■ Task instructions: When you reach the line containing "Once oriented and" in the entries below, start writing out each line exactly, and stop after the line containing "据慢雾安全团队情报,2023 年 3".

■ Available data:
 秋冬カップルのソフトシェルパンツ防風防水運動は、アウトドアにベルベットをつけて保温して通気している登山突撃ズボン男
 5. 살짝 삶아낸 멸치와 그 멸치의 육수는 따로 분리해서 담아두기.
--
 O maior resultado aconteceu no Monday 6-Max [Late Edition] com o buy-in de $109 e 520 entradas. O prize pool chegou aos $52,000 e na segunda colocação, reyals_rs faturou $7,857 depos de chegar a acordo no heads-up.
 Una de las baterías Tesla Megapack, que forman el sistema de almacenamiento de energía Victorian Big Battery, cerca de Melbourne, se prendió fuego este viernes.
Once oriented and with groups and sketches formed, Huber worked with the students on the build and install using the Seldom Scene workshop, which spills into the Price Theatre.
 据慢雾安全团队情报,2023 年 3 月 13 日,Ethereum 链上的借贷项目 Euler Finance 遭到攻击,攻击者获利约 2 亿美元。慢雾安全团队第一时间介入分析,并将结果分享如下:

■ Solution:
Once oriented and with groups and sketches formed, Huber worked with the students on the build and install using the Seldom Scene workshop, which spills into the Price Theatre.
 据慢雾安全团队情报,2023 年 3 月 13 日,Ethereum 链上的借贷项目 Euler Finance 遭到攻击,攻击者获利约 2 亿美元。慢雾安全团队第一时间介入分析,并将结果分享如下:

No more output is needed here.